The Rise of the Machines - Learning to Detect DGAs

by blodgic

The cat-and-mouse game in cybersecurity of blocking attackers based on a domain or IP address is archaic.  In the ever-growing realm of bots and command and control architecture, domain assignments have shifted from fast flux, a node shuffling method of DNS and compromised hosts, to a method called Domain Generation Algorithms (DGA).  Block and tackle defense on DGAs is costly, but with a proper implementation, machine learning detection can be fruitful.

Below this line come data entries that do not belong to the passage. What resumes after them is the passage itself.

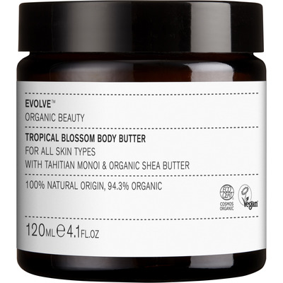 Evolve Tropical Blossom Body Butter är en mjuk kräm som används på kroppen. Body butter innehåller bland annat ekologiskt sheasmör som mjukgör och fuktar huden på djupet. Krämen har en underbar men mild doft av naturlig hibiskus som kan användas av både män och kvinnor.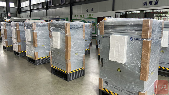 7月25日上午,在成都市成華區(qū)航天路的四川航電微能源有限公司車間里,剛組裝完成的數(shù)十臺儲能設(shè)備整齊排列,等待客戶提貨。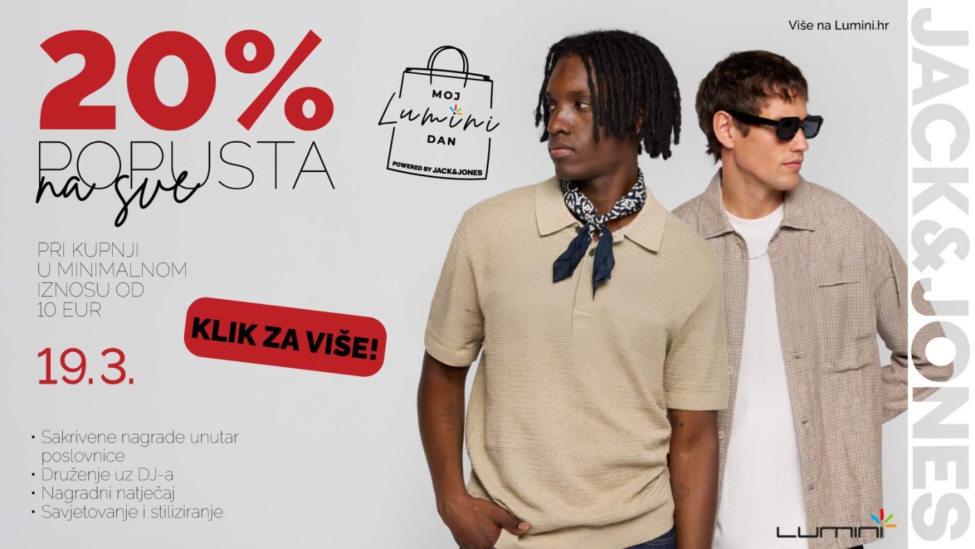 Ljubitelje mode, dobrog shoppinga i popusta ovog četvrtka, 19. ožujka, u Lumini centru očekuje event Moj Lumini dan, u suradnji spopularnim brendom Jack & Jones. Tijekom cijelog dana posjetitelji će imati priliku među prvima istražiti najnovije kolekcije koje donose suvremene modne komade karakteristične za prepoznatljiv stil brenda Jack & Jones. Uz to, tijekom cijelog dana bit će aktivno i 20% popusta na sve uz minimalnu kupnju od 10 eura, što je idealna prilika za osvježavanje garderobe i pronalazak novih omiljenih komada po još boljim cijenama.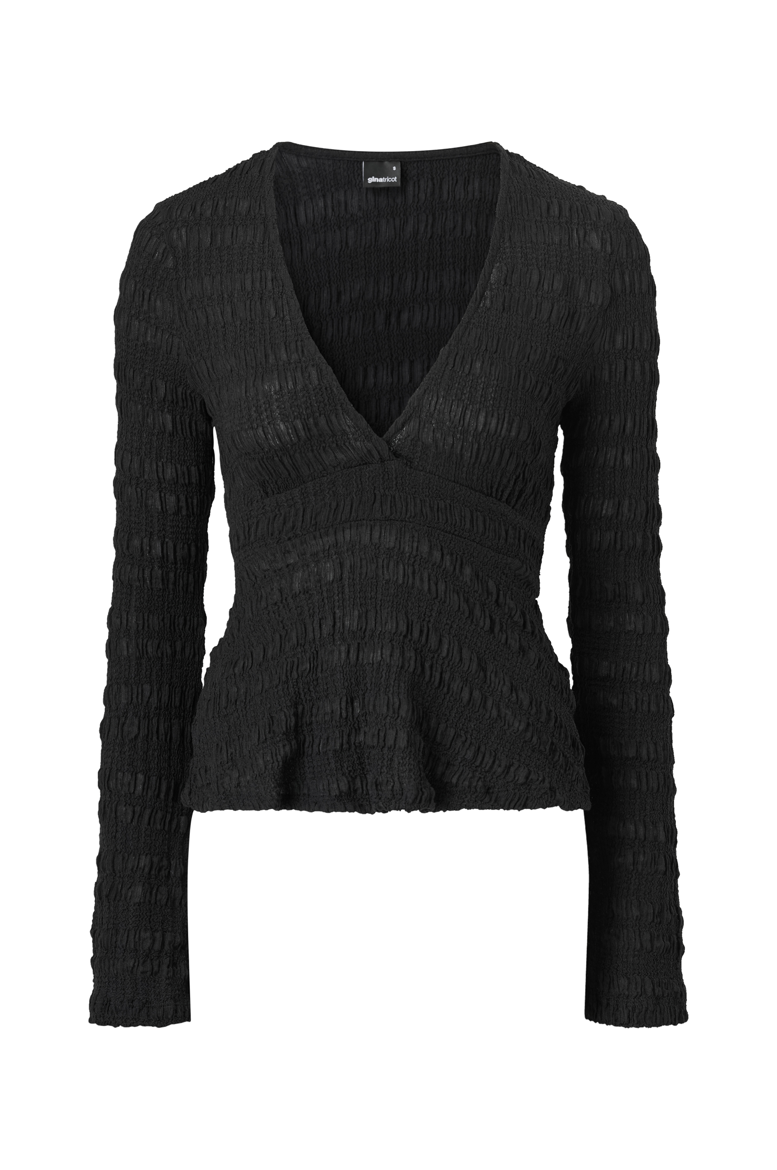 • Myk, stretchy topp• V-hals snitt• Lange trompetermer• Justerbar knyting i ryggen
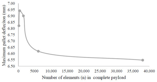 In order to arrive at the optimal number of elements for the pallet analog, a mesh convergence study was conducted for a unit load consisting of three columns of three layers of boxes. The goal was to select the ideal seed size for each mesh element that would converge the results into a stable value without unnecessarily increasing the number of equations needing to be solved. An element size of 2.54 mm provided that ideal size. Coarser meshes associated with larger elements reduced calculation time but impacted the deflection results. Finer meshes defined by smaller element sizes provided solutions with almost the same values but increased exponentially the computing requirements. When decreasing the element size from 2.54 mm to 1.27 mm, the resulting change was less than 1%, but it increased 2.5 times the computing requirements, generating 11,200 elements compared to 3200. The percentage difference due to change in vertical displacement was calculated by dividing the difference in vertical displacement by the vertical displacement of the previous simulation. Table 4 and Figure 4 show the summary of the results obtained from the mesh refinement and convergence studies.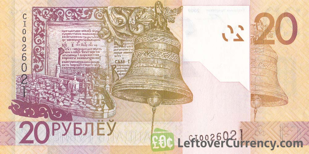 The yellow-coloured banknote of 20 rubles from Belarus features Gomel Palace, the residence of Field Marshal Pyotr Rumyantsev and Prince Paskevich. On the back side of the 20 BYN bill is an image of the oldest Belarusian manuscript book called “The Turov Gospel”, pictured alongside a bell and a view on the old city of Turov.
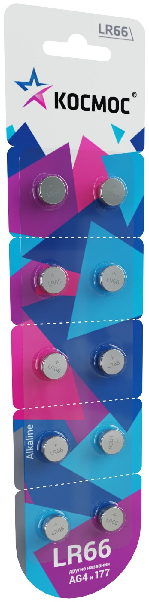 Набор алкалиновых батареек космос G4(L626, LR66, 177, 377) блистер 10 шт.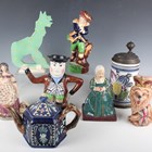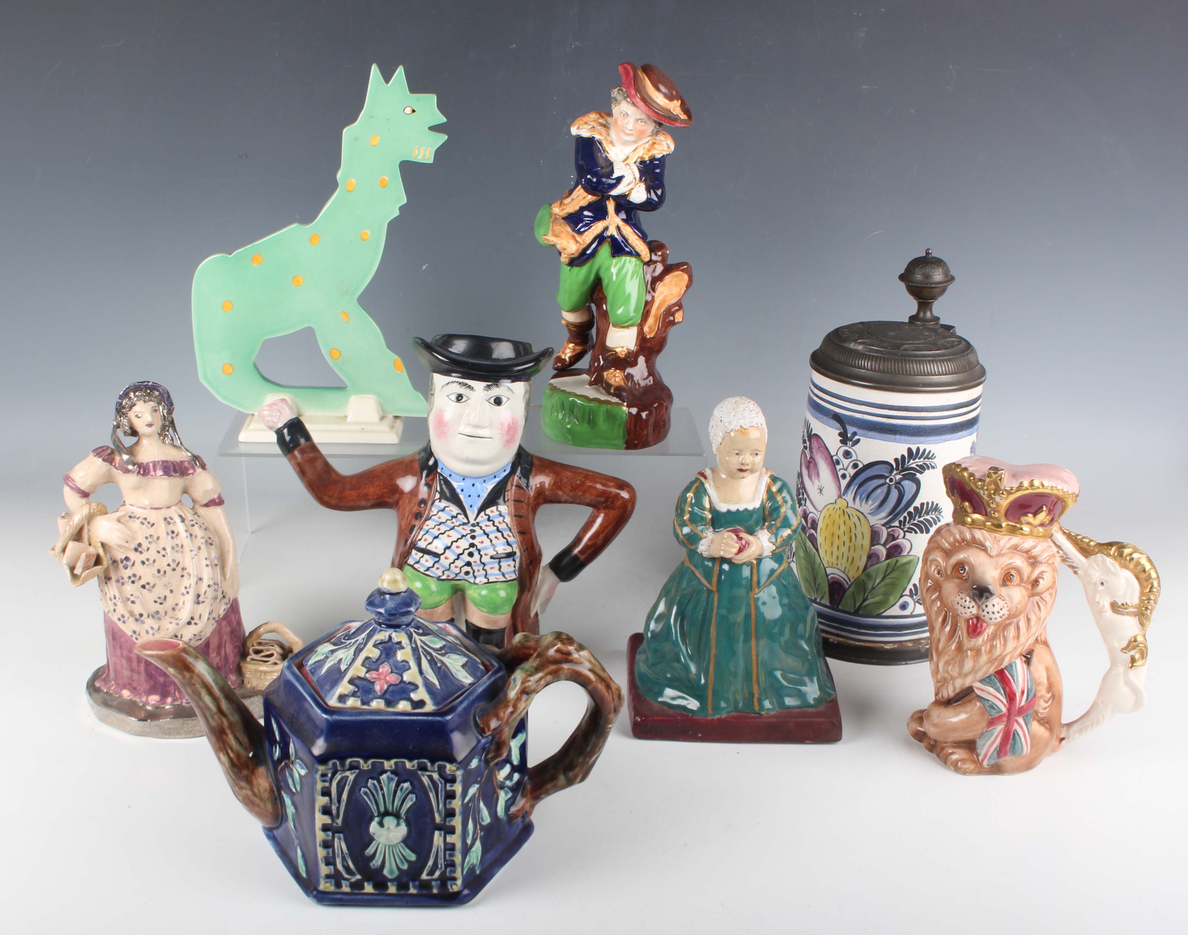 An unusual pottery Toby teapot with Portobello type sponged base and colours, mid to second half 19th century, modelled seated with brown frock coat and patterned waistcoat, unmarked, height 20.5cm, a pottery figure of a female street vendor with pink and silver lustre details, unmarked, height 18cm, a pottery figure of a young girl in a period green dress, raised on a rectangular burgundy glazed base, incised 'Maud Bateman' to underside, height 19.5cm, an English porcelain figure representing Winter, height 24.5cm, a faience stein with pewter mounts, height 24cm, a majolica teapot and cover of hexagonal shape, a Staffordshire Goldscheider Coronation lion and unicorn model, height 17cm, and a Coalport abstract animal ornament, height 24cm (faults and restoration).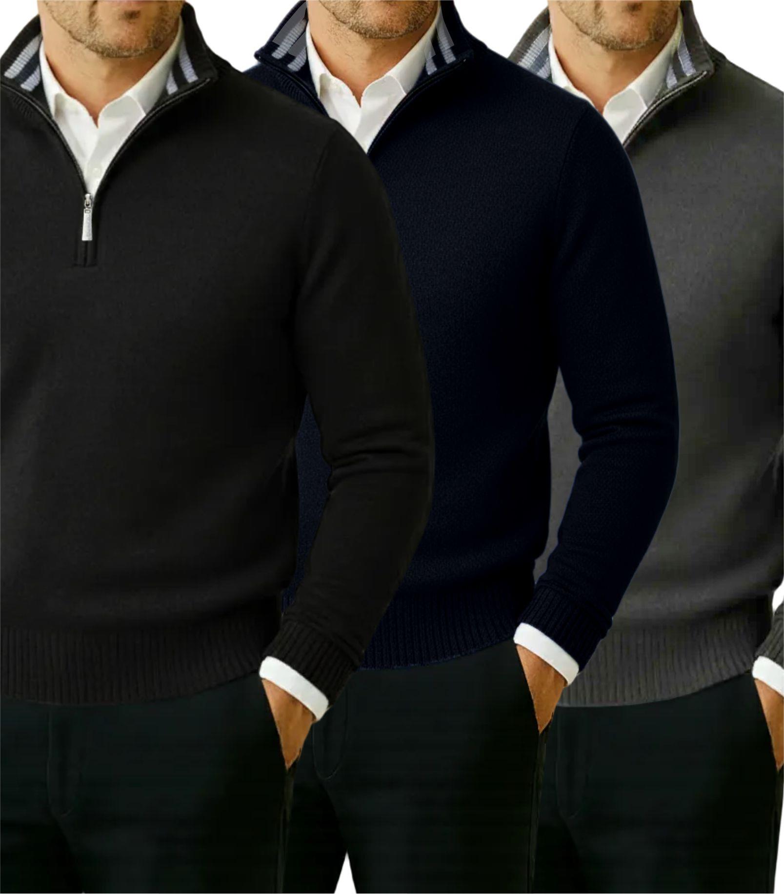 SUETER MASC 100%POL LISO GOLA ALTA LISTRA MEIO ZIPER SORTIDO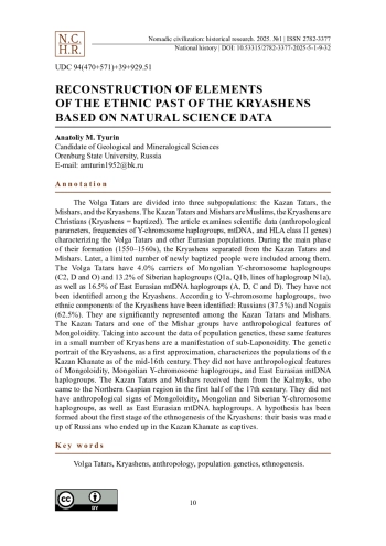 39. Тюрин, А.М. (2017а) Калмыки, караногайцы, кубанские ногайцы и крымские татары - геногеографический и геногенеалогический аспекты. Журнал фронтирных исследований. 2. 7-29.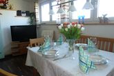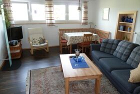 Backofen und Cerankochfeld, Kühl/Gefrierkombination, Mikrowelle etc. ausgestattet. Zur FeWo gehört ein Schlafzimmer mit Doppelbett, Wohn- Schlafraum mit Doppelbett und ein großzügiges Badezimmer mit Badewanne, Dusche und WC.

The DGA technique produces a list of constantly changing domains from a randomized seed of code.  This code and seed create a rendezvous point between a comm and and control server and the infected client.  If a domain is blocked, resiliency is built in and a new domain can be used to bring back the bi-directional traffic between the host and the C2 server.

The DGA domain is made of random numbers, letters, and characters (example: qx44utti3xbiz74hw2v50www.net).  In addition to a resilient communication channel, it is also a masquerade and evade tactic.  Because the domain does not look like a word or group of words, and it's usually newly registered, it can evade proxy categorization.  Your typical email clicker may also be curious to the site behind this strange gathering of characters.  With this lure and evasion, the DGA trap is set and the attack technique has spun another web of deception.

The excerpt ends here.